Risk-sensitive Decision-making

A novel approach to long-term risk-sensitive control in stochastic systems through the so-called ergodic-risk criteria

In stochastic systems, balancing performance with resilience to rare events is critical. Traditional approaches often focus on finite-horizon risk, overlooking long-term cumulative risks unless by imposing strong assumptions on process noise (missing reference). My recent work (Talebi & Li, 2024) addresses this by introducing ergodic-risk criteria through probabilistic limiting theorems that can account for noise with unbounded moments. Then through primal-dual optimization techniques, an optimal policy is obtained that balances average performance with ergodic-risk constraints. This extends risk-sensitive methods to a more versatile framework for long-term risk-sensitive control in stochastic systems capable of handling extreme events. Central to my analysis is a tailored Functional Central Limit Theorem (FCLT), where I can establish convergence even in non-stationary environments with heavy-tailed noise.
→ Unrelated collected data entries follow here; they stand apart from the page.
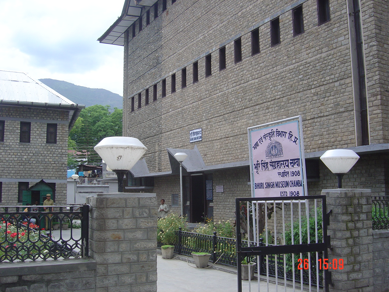 Bhuri Singh Museum. Chamba, Himachal Pradesh
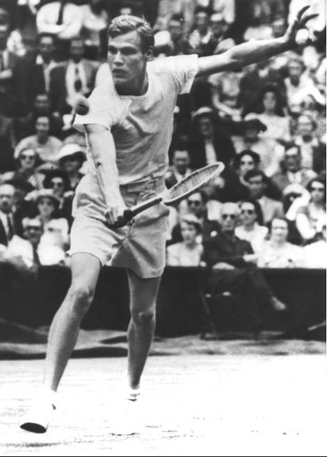 The tennis player Lennart Bergelin in a game 1950.
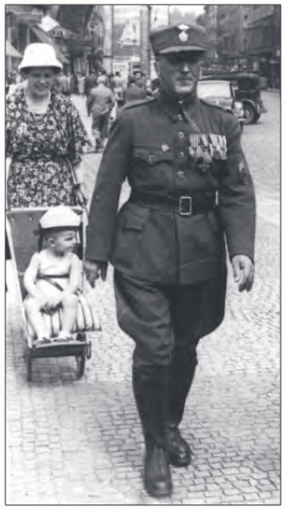 Otto Linhart (* 1895 - † 1980). One of four brothers origin from Linhatr's family. Participant anti-Nazi resistance in the Protectorate of Bohemia and Moravia. A member of the Czechoslovak legions in Russia. Under the Protectorate he worked as a radio operator in favor of illegal resistance organization ÚVOD. As one of the few operators of illegal radio stations of class SPARTA he survived the world war 2 and he continued working as a postal inspector at the main post office in Prague. In the photograph is Otto Linhart in the uniform of Russian legionary after returning to Prague in 1920. Photo from private archive: Jarmila Křížová, Kamenice nad Lipou, Czech Republic.
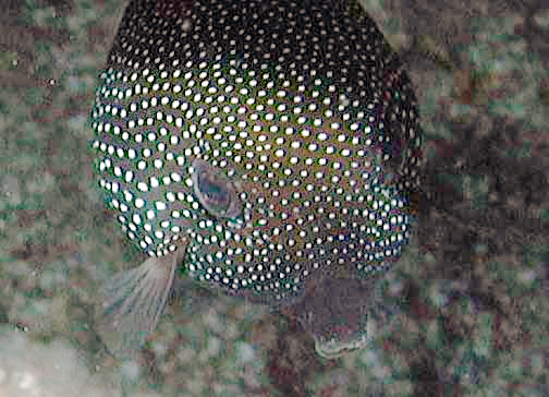 Young Ostracion meleagris
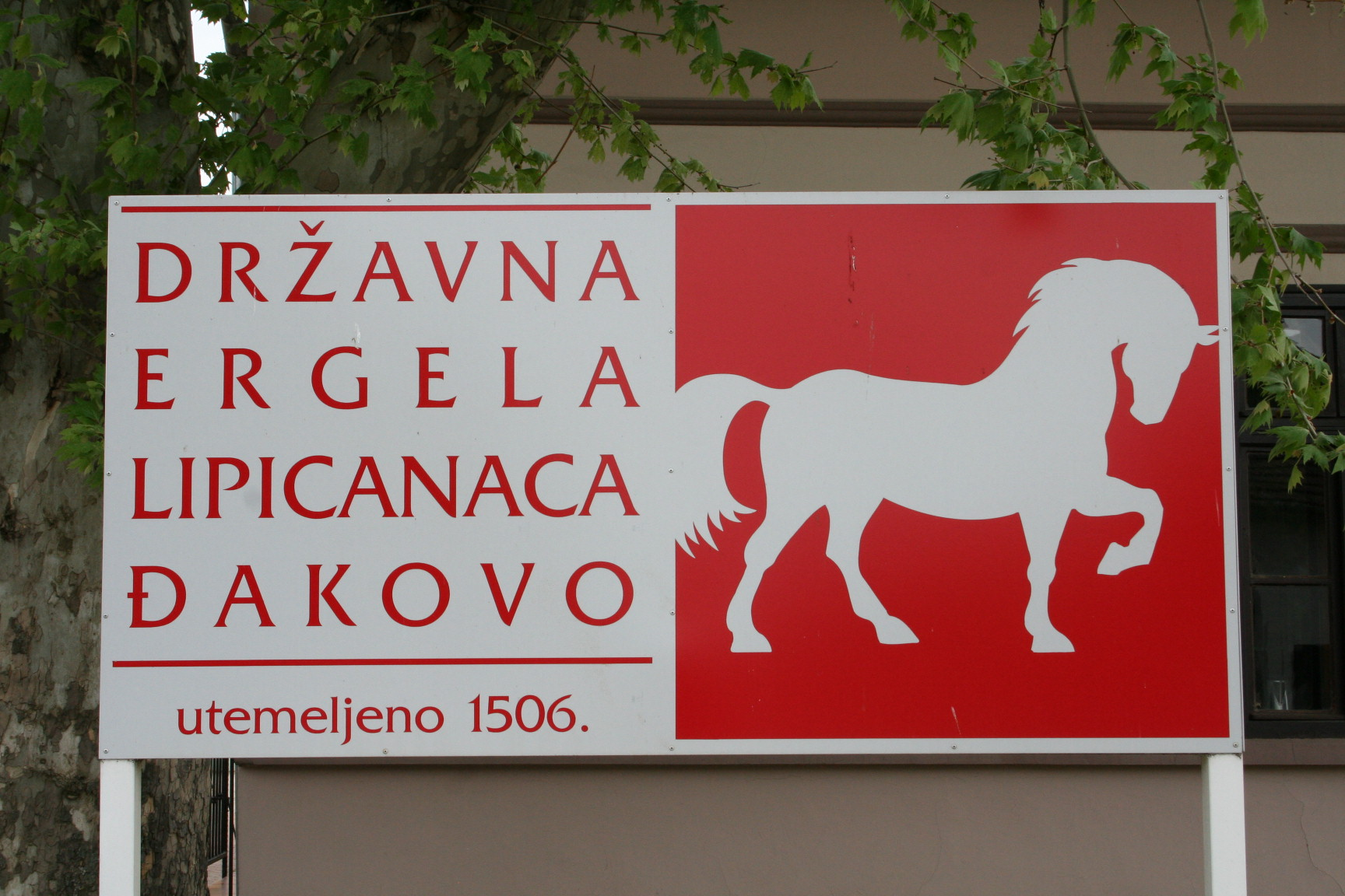 State Stud Farm in Đakovo (Croatia), location Ivandvor
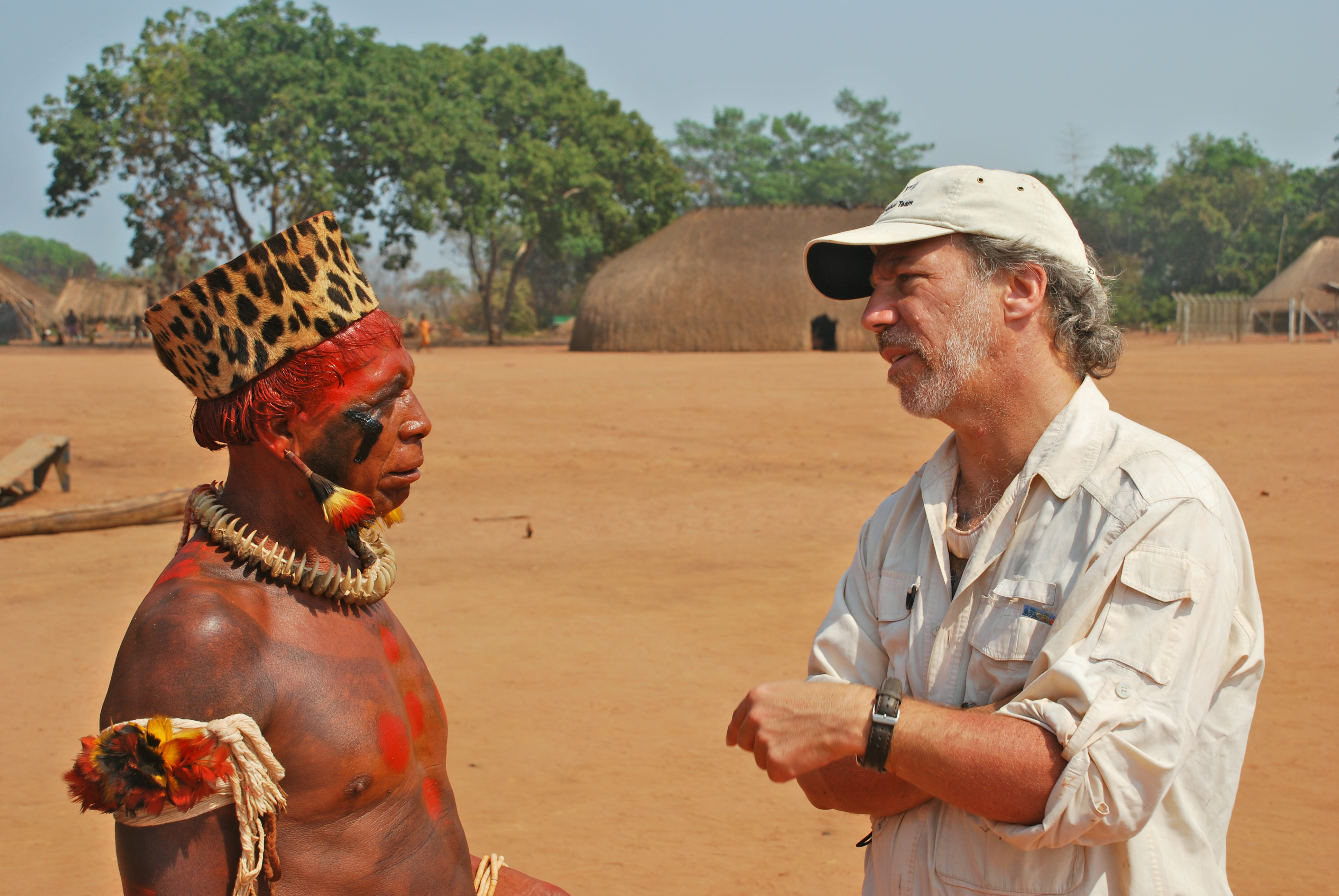 Two standing men. Photo taken in Brazilian Amazon
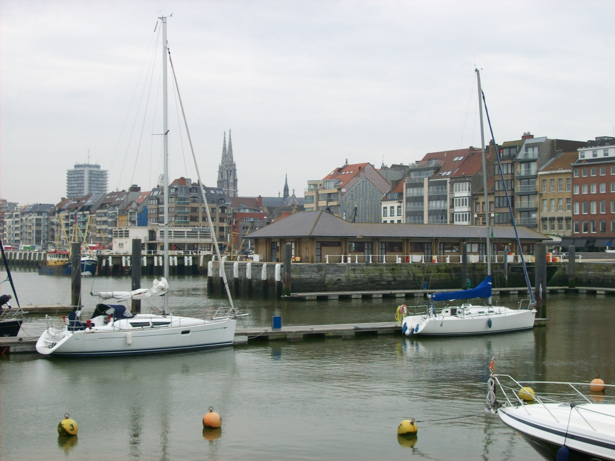 The Vistrap, Ostend
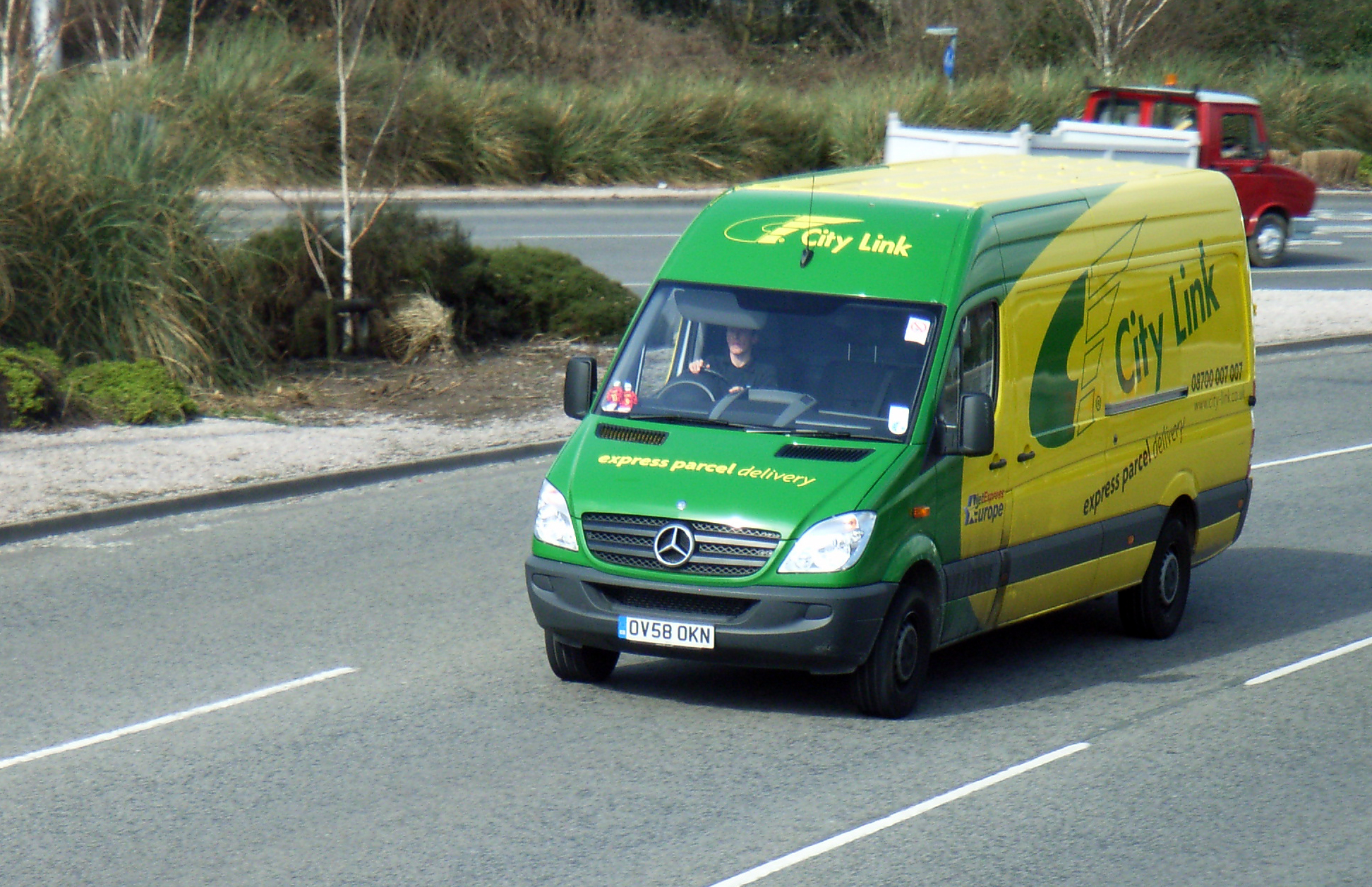 Marsh Mills Plymouth 13 March 2009
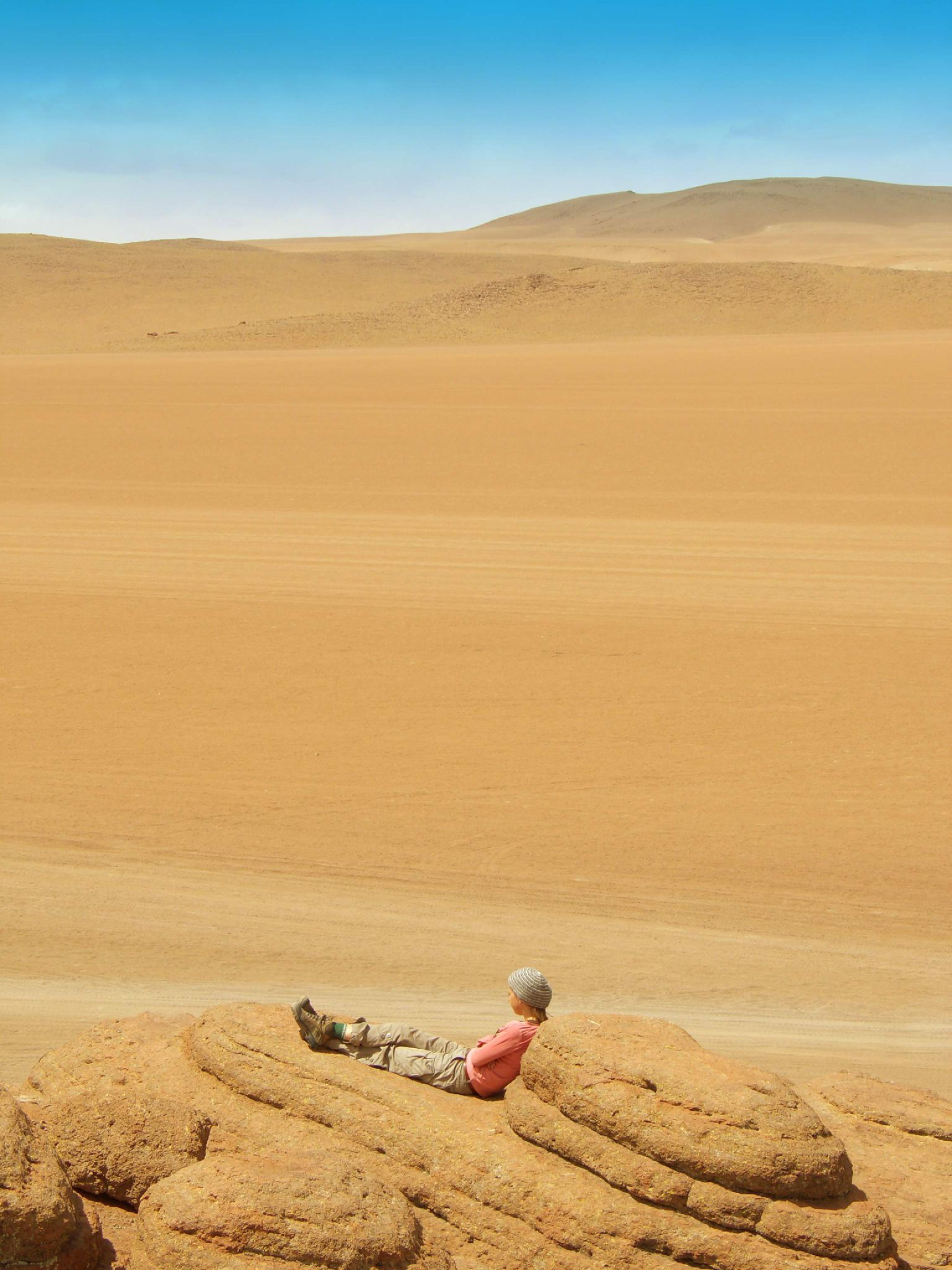 Jen in the desert in Bolivia.
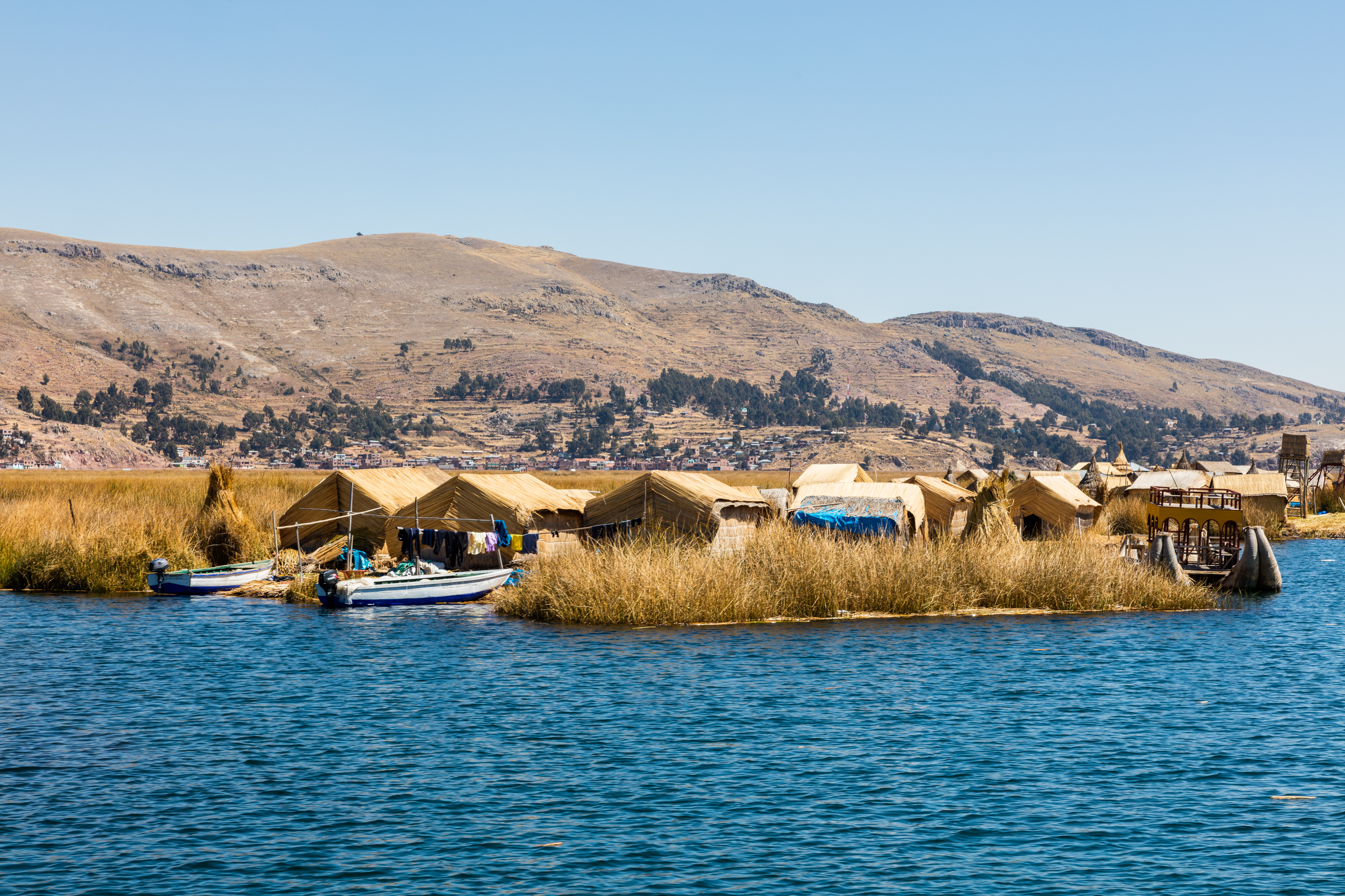 Uros floating islands, Titicaca Lake, Peru
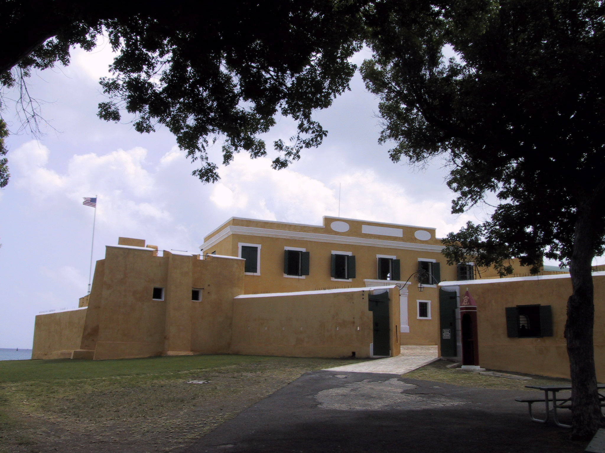 Fort Christiansvaern, Christiansted, St. Croix, US Virgin Islands. Photo by Martin Lie, Trondheim, Norway.
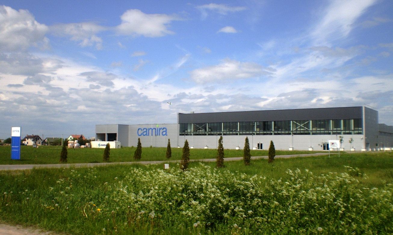 Ariogala, County of Kaunas. Lithuania
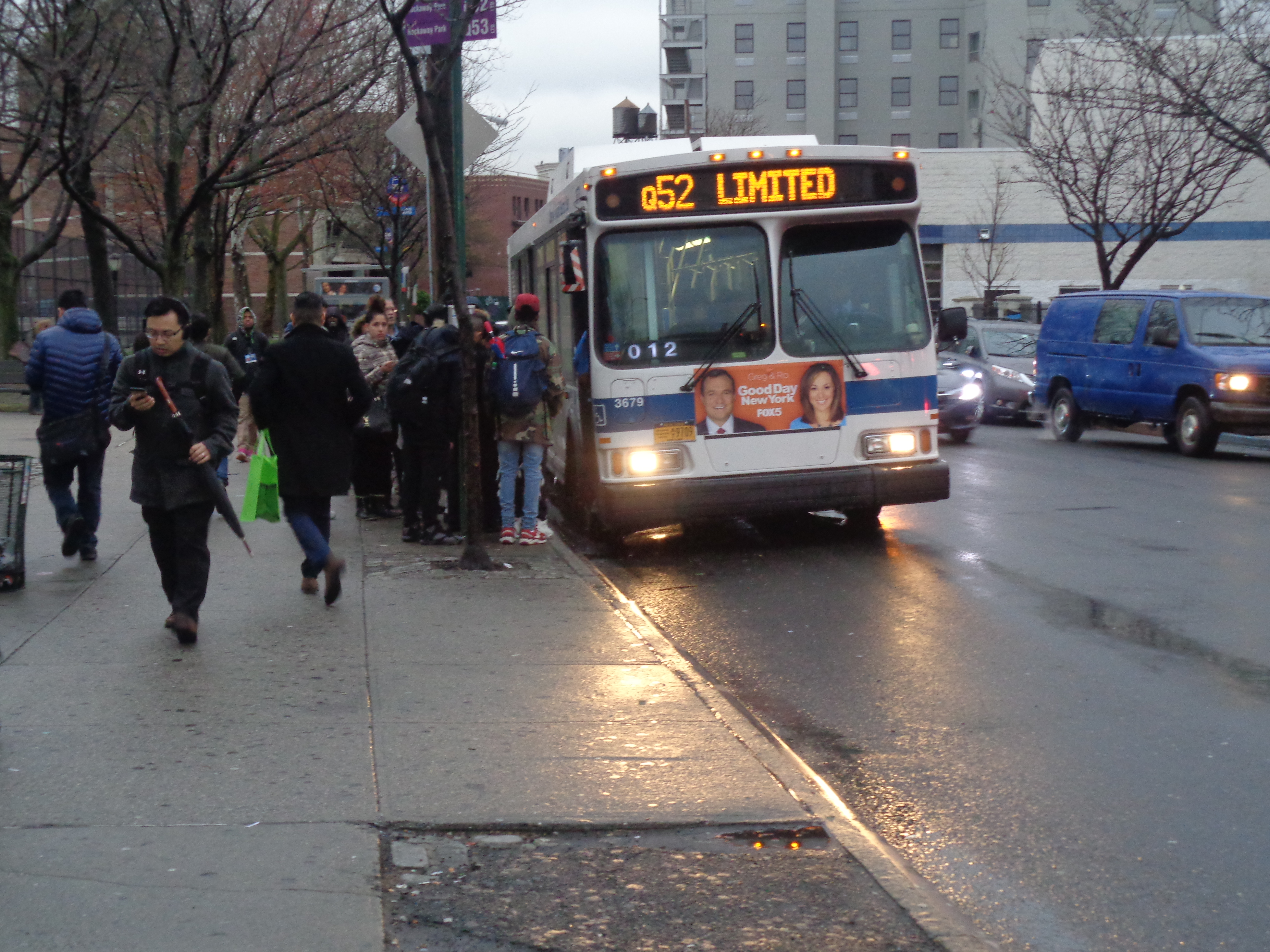 A Arverne-bound Q52 Limited bus at Hoffman Drive near Queens Center in Elmhurst, Queens.
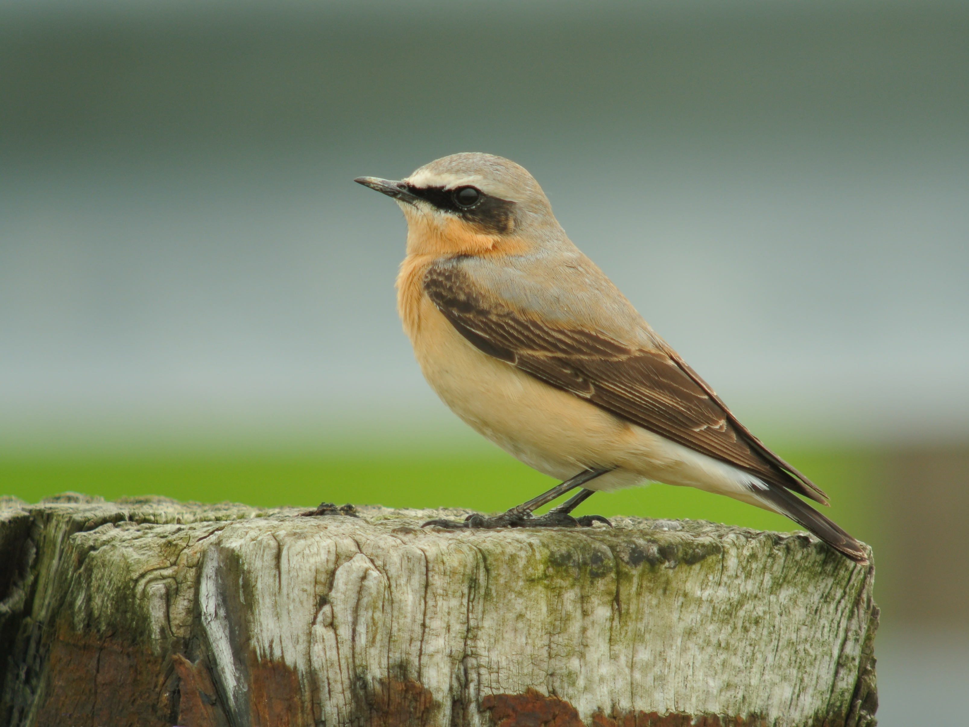 Near-coastal location, colour pattern, tameness, and season of observation all suggest this may be a bird of the Greenland sub-species (Oenanthe o. leucorhoa). But a definitive identification would only be possible based on body and wing measurements. Digiscoping with Swarovski ATM 80 HD 30 X, Nikon 1V1 + 10-30 mm lens (Adapter DCB)
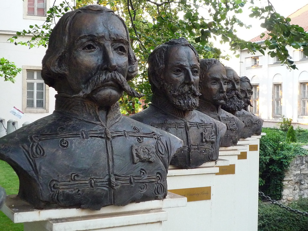 Museum of Military History, Budapest, ex Nádor-barracks This is a photo of a monument in Hungary. Identifier: 110

This is achieved by utilizing ergodic theory (Meyn et al., 2009), ensuring uniform ergodicity of controlled processes where stability is maintained even with heavy-tailed noise, provided it has a finite fourth moment.

Key references:

  1. Talebi, S., & Li, N. (2024). Uniform Ergodicity and Ergodic-Risk Constrained Policy Optimization. ArXiv Preprint ArXiv:2409.10767.
  2. Meyn, S., Tweedie, R. L., & Glynn, P. W. (2009). Markov Chains and Stochastic Stability (2nd ed.). Cambridge University Press.